How many books does LLM need to consume to get to B2 in a language unknown to it? How many audio records it needs to consume? Life wouldn't be enough for me to read and/or listen so much.
If there was a human who needed to consume as much information as LLM to learn, they would be the stupidest person in all the history of the humanity.
It was empirical and, though ultimately wrong, useful. Apply as you will to theories of learning.
I won't comment on Yann LeCun or his current technical strategy, but if you can avoid sunk cost fallacy and pivot nimbly I don't think it is bad for Europe at all. It is "1 billion dollars for an AI research lab", not "1 billion dollars to do X".
Sure LLMs are getting better and better, and at least for me more and more useful, and more and more correct.
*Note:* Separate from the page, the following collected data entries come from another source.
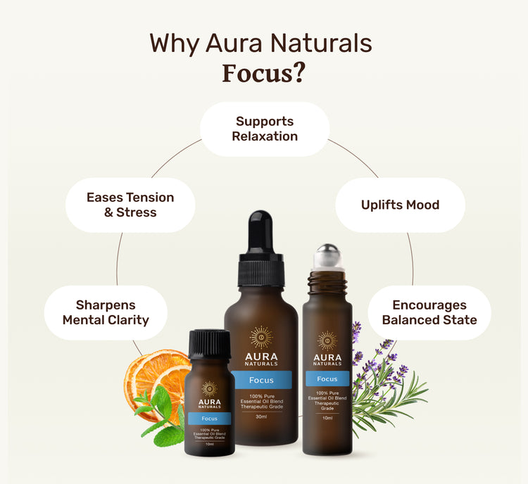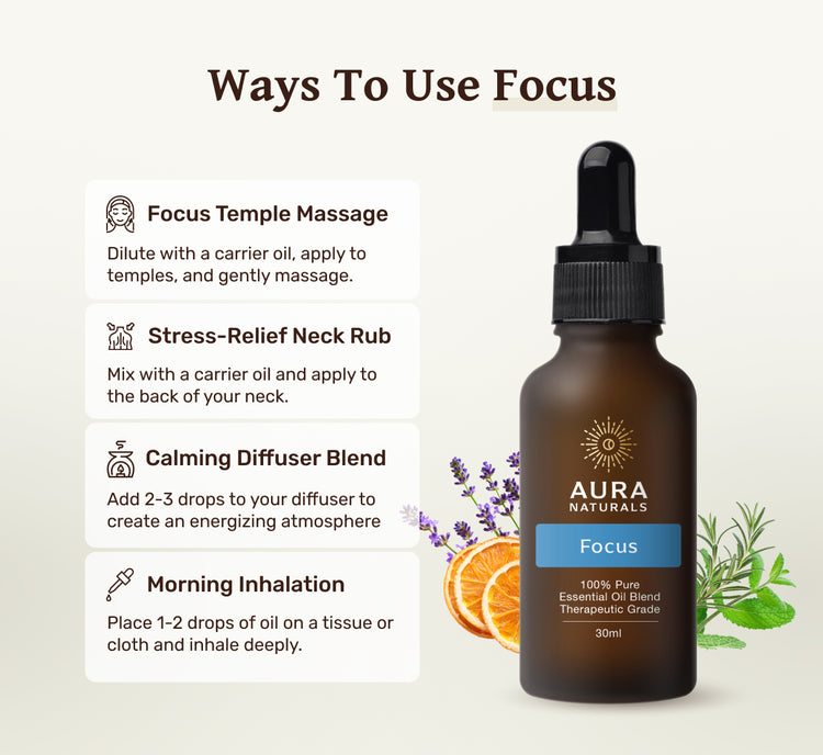 Apply 1-2 drops of Focus essential oil diluted with a carrier oil to your temples or neck. Massage gently in circular motions to help relieve tension and promote mental clarity. Use throughout the day as needed for focus and stress relief.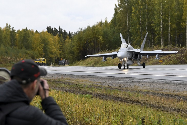 ‘Mainly I imagine all of the highway bases are in fairly good situation so simply taken into the operations in a few days,’ said Colonel Vesa Mantyla, head of the Finnish Air Force. He added, ‘The menace from Russia or the actions from Russia with the cruise missiles and ballistic missiles proves that the idea of dispersed operations is true.’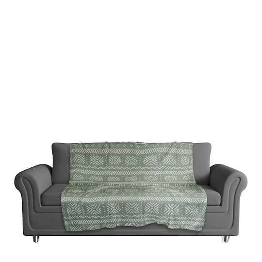 Sage Mudcloth 50″ X 60″ Sherpa Fleece Blanket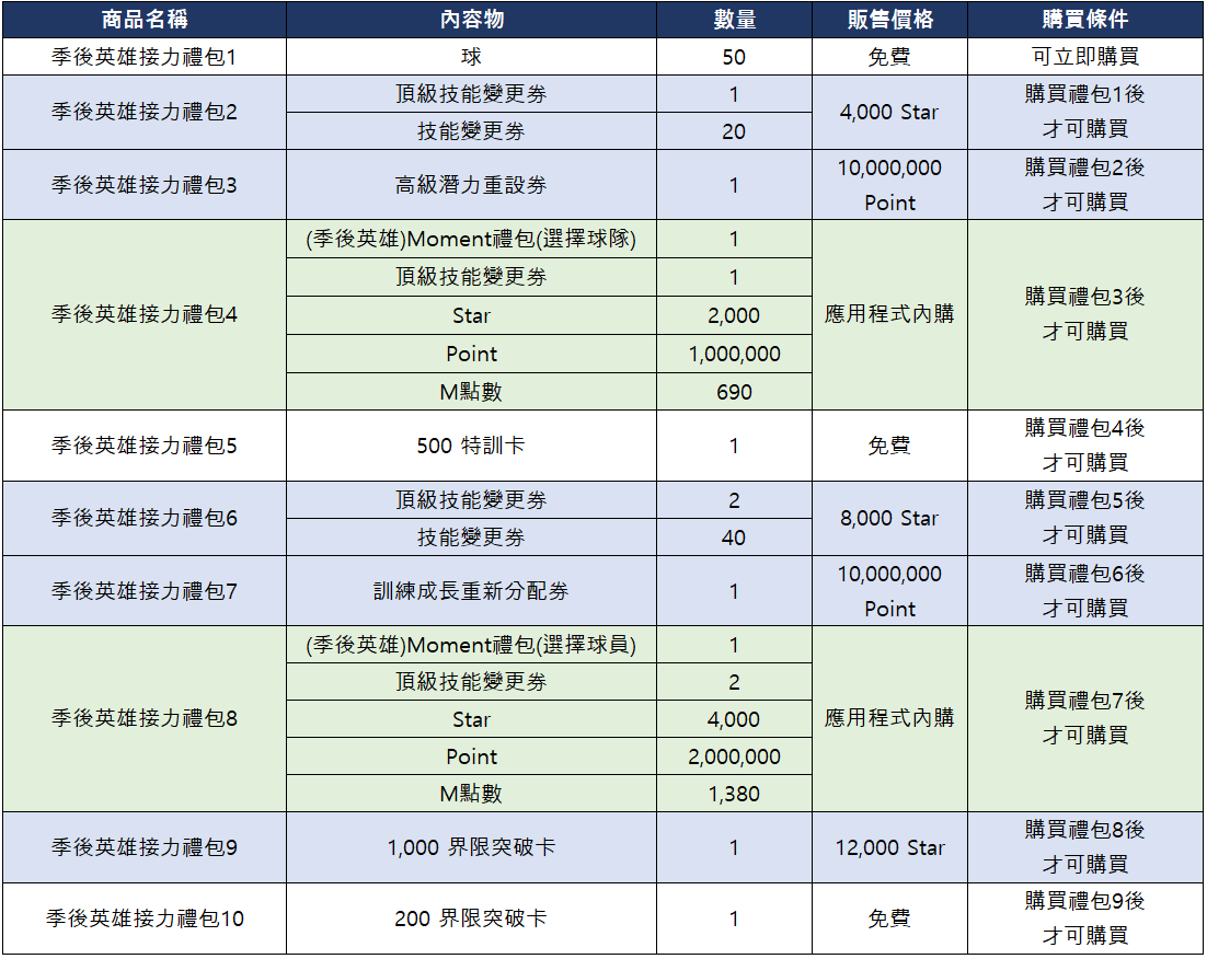 - 需購買前一階段的禮包後,才能購買下一階段的禮包。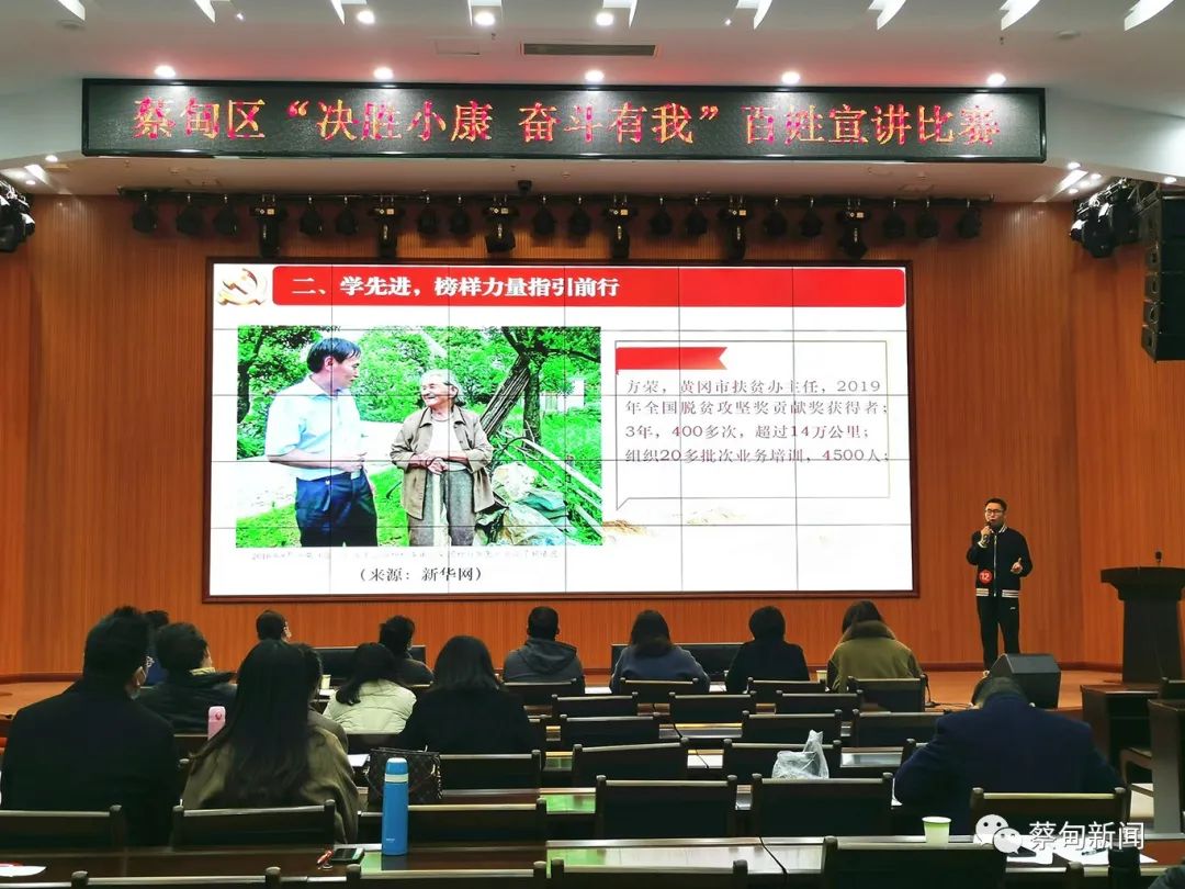 据了解,此次比赛从宣讲内容、语言表达、形象风度、宣讲效果等四个方面进行评分。宣讲围绕主题,以深化爱国主义教育为主要载体,充分展示各单位“决胜全面小康,决战脱贫攻坚”成效和亮点,展现新时代广大党员干部职工和人民群众的良好精神风貌,为收官之年进一步巩固蔡甸区脱贫攻坚质效,决战决胜脱贫攻坚凝聚力量、营造氛围。

Arguably better than humans at many tasks yet terribly lacking behind in some others.
Coding wise, one of the things it does “best”, it still has many issues: For me still some of the biggest issues are still lack of initiative and lack of reliable memory. When I do use it to write code the first manifests for me by often sticking to a suboptimal yet overly complex approach quite often. And lack of memory in that I have to keep reminding it of edge cases (else it often breaks functionality), or to stop reinventing the wheel instead of using functions/classes already implemented in the project.
All that can be mitigated by careful prompting, but no matter the claim about information recall accuracy I still find that even with that information in the prompt it is quite unreliable.
And more generally the simple fact that when you talk to one the only way to “store” these memories is externally (ie not by updating the weights), is kinda like dealing with someone that can’t retain memories and has to keep writing things down to even get a small chance to cope. I get that updating the weights is possible in theory but just not practical, still.
What's still missing is the general reasoning ability to plan what to build or how to attack novel problems - how to assess the consequences of deciding to build something a given way, and I doubt that auto-regressively trained LLMs is the way to get there, but there is a huge swathe of apps that are so boilerplate in nature that this isn't the limitation.
I think that LeCun is on the right track to AGI with JEPA - hardly a unique insight, but significant to now have a well funded lab pursuing this approach. Whether they are successful, or timely, will depend if this startup executes as a blue skies research lab, or in more of an urgent engineering mode. I think at this point most of the things needed for AGI are more engineering challenges rather than what I'd consider as research problems.
Wait, we have another acronym to track. Is this the same/different than AGI and/or ASI?